Recorded information section start

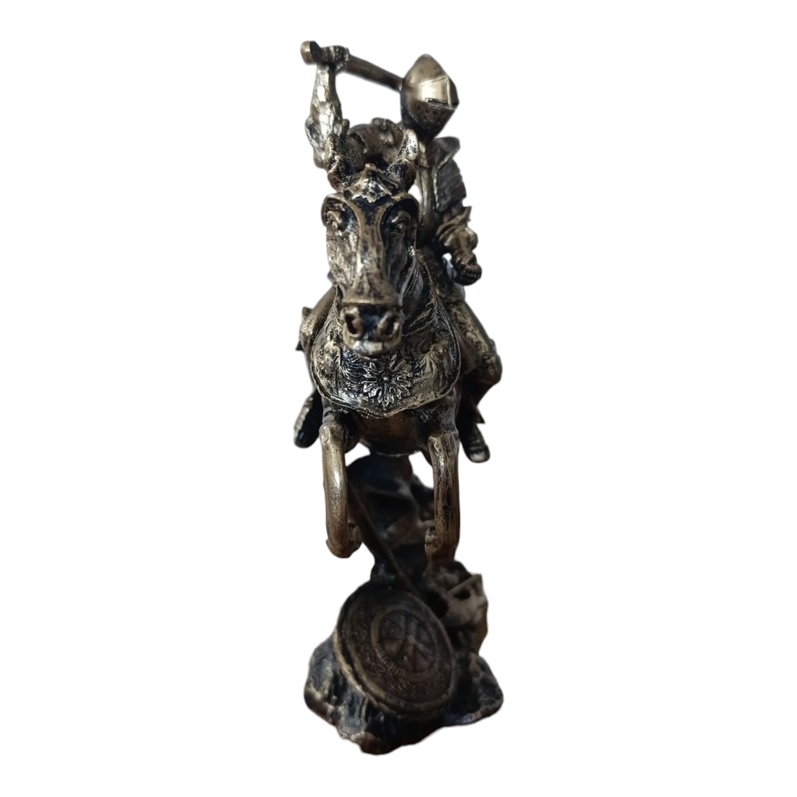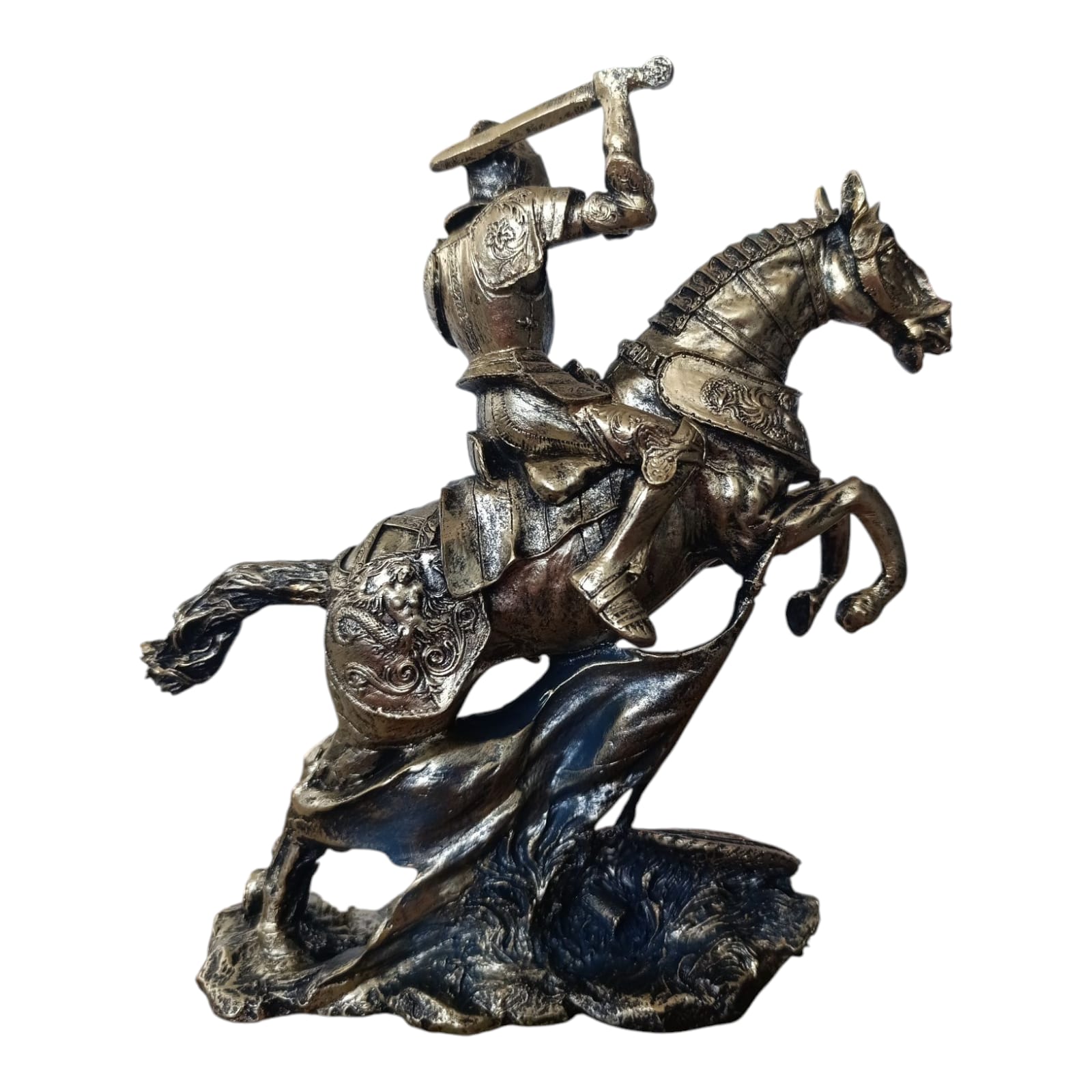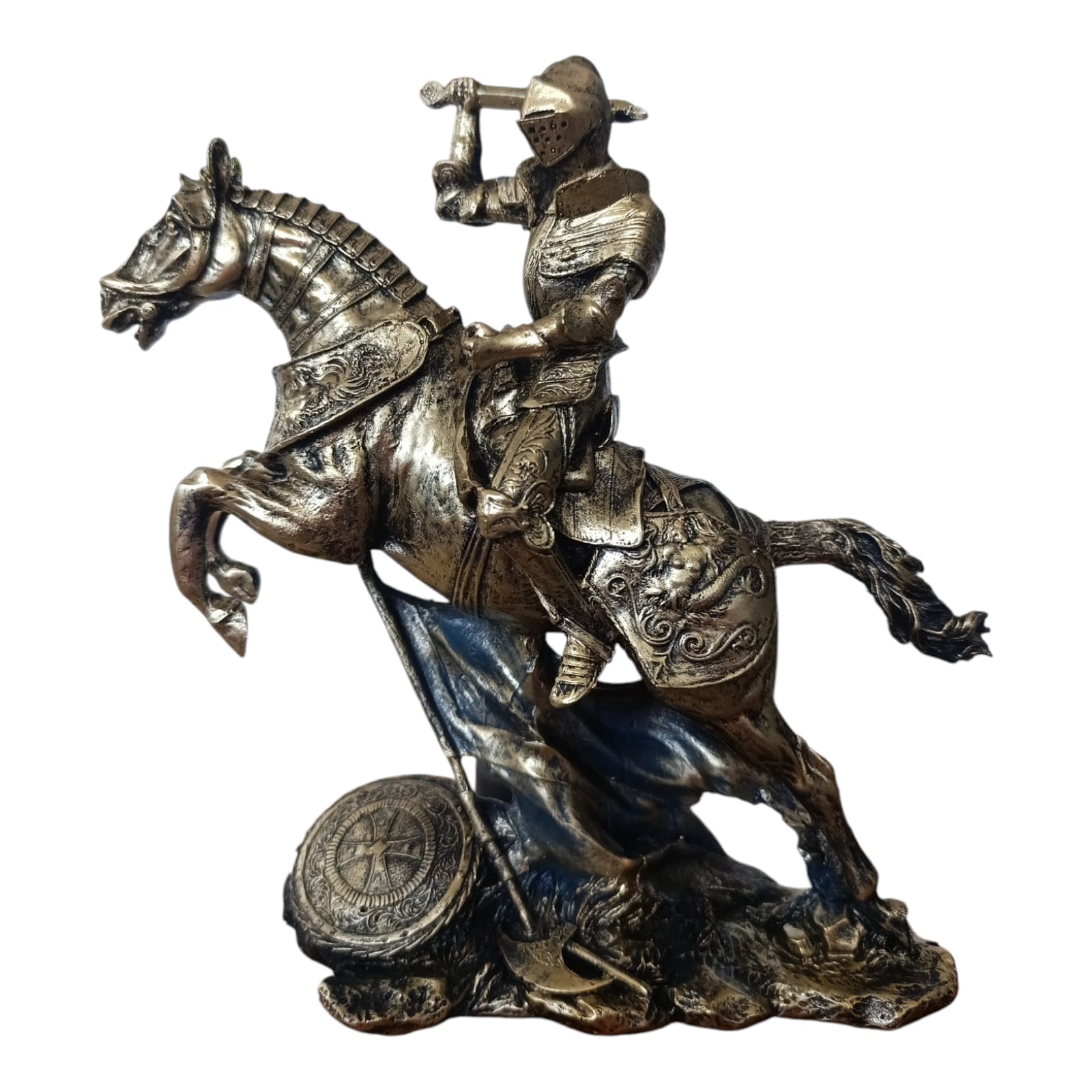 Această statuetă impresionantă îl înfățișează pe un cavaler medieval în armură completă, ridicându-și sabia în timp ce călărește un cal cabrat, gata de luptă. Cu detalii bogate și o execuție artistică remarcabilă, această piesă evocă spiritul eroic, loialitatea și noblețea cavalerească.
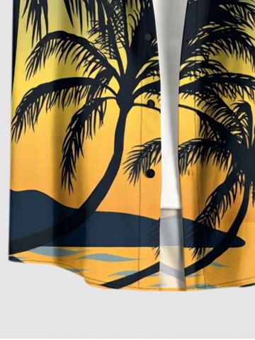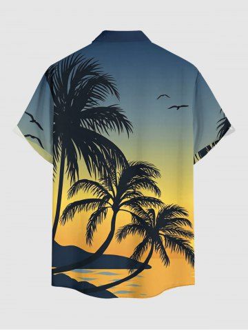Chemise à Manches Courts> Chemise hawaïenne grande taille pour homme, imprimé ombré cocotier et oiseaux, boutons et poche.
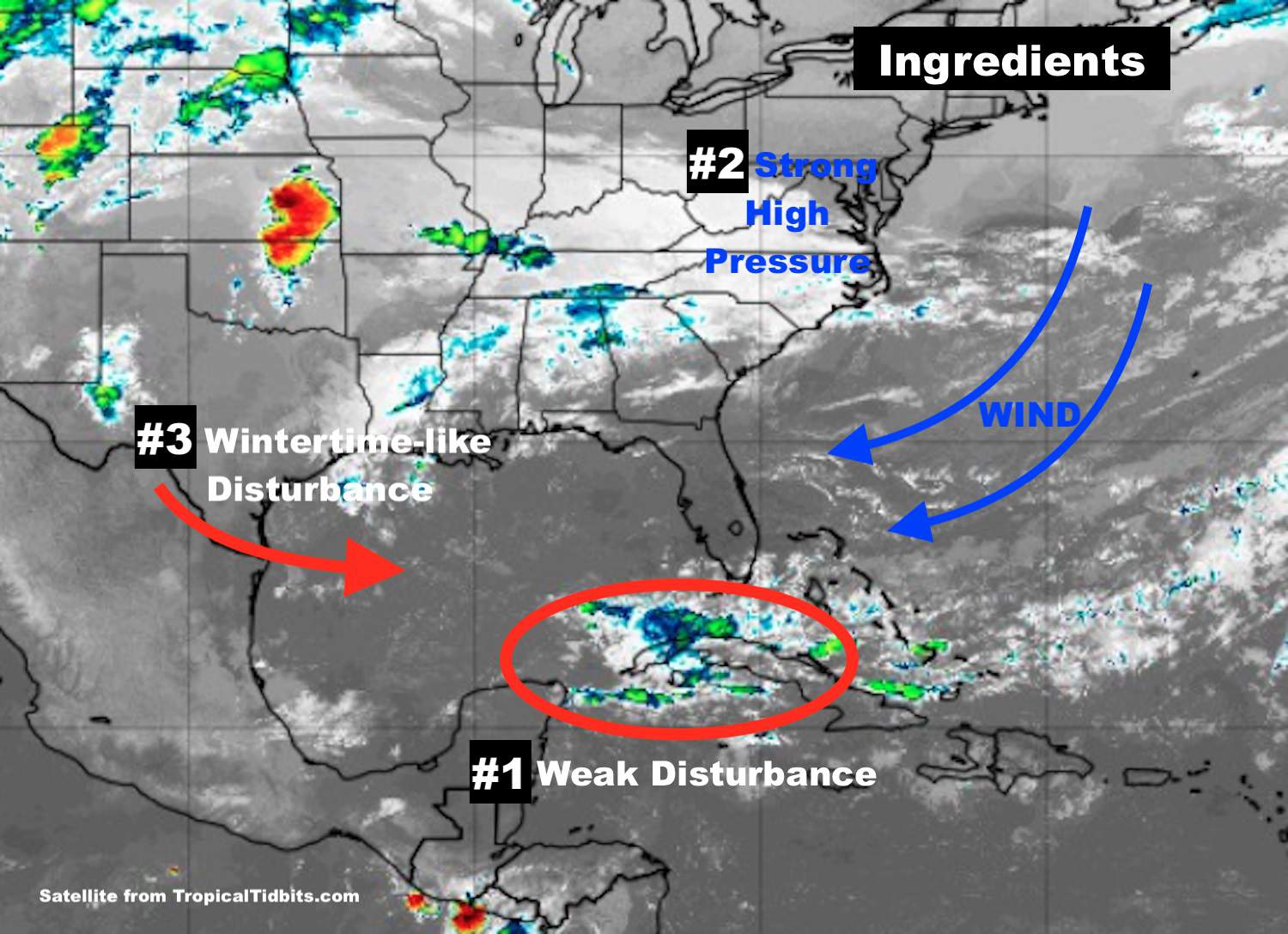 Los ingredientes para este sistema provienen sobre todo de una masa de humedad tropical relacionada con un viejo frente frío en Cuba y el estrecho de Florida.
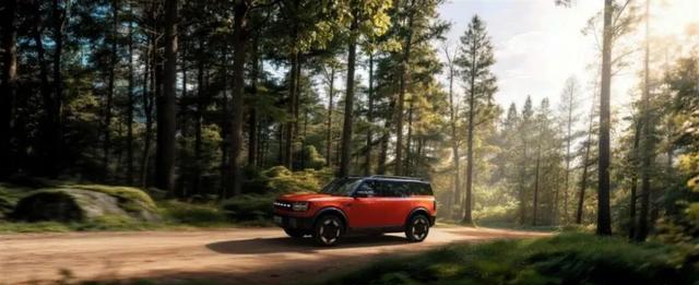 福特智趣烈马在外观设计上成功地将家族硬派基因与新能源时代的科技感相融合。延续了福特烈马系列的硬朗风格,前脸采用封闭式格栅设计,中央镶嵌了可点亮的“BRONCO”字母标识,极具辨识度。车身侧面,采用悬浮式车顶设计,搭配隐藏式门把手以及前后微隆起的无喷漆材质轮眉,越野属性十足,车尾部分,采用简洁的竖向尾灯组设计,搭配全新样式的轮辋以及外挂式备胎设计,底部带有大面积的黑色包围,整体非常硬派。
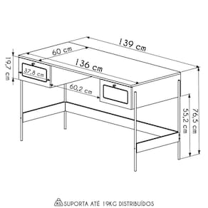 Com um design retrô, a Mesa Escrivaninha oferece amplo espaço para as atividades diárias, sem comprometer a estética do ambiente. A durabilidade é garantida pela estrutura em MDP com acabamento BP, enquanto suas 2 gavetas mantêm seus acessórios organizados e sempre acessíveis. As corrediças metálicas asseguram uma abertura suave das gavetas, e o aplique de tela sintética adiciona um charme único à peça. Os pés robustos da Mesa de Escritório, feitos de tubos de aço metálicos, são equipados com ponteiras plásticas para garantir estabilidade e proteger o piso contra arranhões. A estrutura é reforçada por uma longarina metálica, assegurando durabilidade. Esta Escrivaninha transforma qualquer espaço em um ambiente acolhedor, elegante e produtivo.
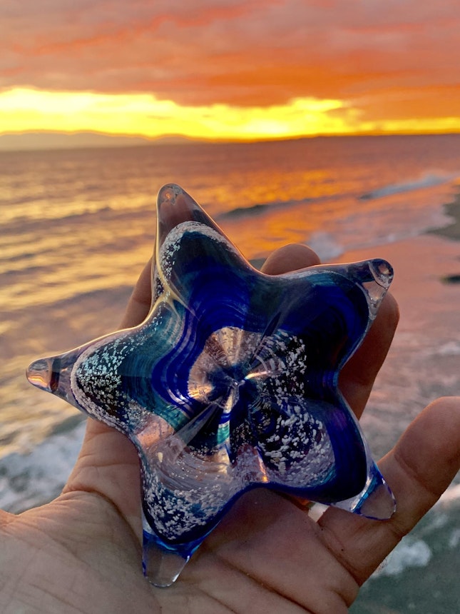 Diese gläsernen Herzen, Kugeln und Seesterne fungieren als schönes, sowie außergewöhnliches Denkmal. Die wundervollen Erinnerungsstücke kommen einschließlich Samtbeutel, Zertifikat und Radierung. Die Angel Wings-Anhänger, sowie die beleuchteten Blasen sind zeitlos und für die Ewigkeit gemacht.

Recorded information section end

* [About this task]:
Nothing but an exact repeat of the records, pictures excluded, belongs in the answer.

* [Answer box]:
 Această statuetă impresionantă îl înfățișează pe un cavaler medieval în armură completă, ridicându-și sabia în timp ce călărește un cal cabrat, gata de luptă. Cu detalii bogate și o execuție artistică remarcabilă, această piesă evocă spiritul eroic, loialitatea și noblețea cavalerească.
Chemise à Manches Courts> Chemise hawaïenne grande taille pour homme, imprimé ombré cocotier et oiseaux, boutons et poche.
 Los ingredientes para este sistema provienen sobre todo de una masa de humedad tropical relacionada con un viejo frente frío en Cuba y el estrecho de Florida.
 福特智趣烈马在外观设计上成功地将家族硬派基因与新能源时代的科技感相融合。延续了福特烈马系列的硬朗风格,前脸采用封闭式格栅设计,中央镶嵌了可点亮的“BRONCO”字母标识,极具辨识度。车身侧面,采用悬浮式车顶设计,搭配隐藏式门把手以及前后微隆起的无喷漆材质轮眉,越野属性十足,车尾部分,采用简洁的竖向尾灯组设计,搭配全新样式的轮辋以及外挂式备胎设计,底部带有大面积的黑色包围,整体非常硬派。
 Com um design retrô, a Mesa Escrivaninha oferece amplo espaço para as atividades diárias, sem comprometer a estética do ambiente. A durabilidade é garantida pela estrutura em MDP com acabamento BP, enquanto suas 2 gavetas mantêm seus acessórios organizados e sempre acessíveis. As corrediças metálicas asseguram uma abertura suave das gavetas, e o aplique de tela sintética adiciona um charme único à peça. Os pés robustos da Mesa de Escritório, feitos de tubos de aço metálicos, são equipados com ponteiras plásticas para garantir estabilidade e proteger o piso contra arranhões. A estrutura é reforçada por uma longarina metálica, assegurando durabilidade. Esta Escrivaninha transforma qualquer espaço em um ambiente acolhedor, elegante e produtivo.
 Diese gläsernen Herzen, Kugeln und Seesterne fungieren als schönes, sowie außergewöhnliches Denkmal. Die wundervollen Erinnerungsstücke kommen einschließlich Samtbeutel, Zertifikat und Radierung. Die Angel Wings-Anhänger, sowie die beleuchteten Blasen sind zeitlos und für die Ewigkeit gemacht.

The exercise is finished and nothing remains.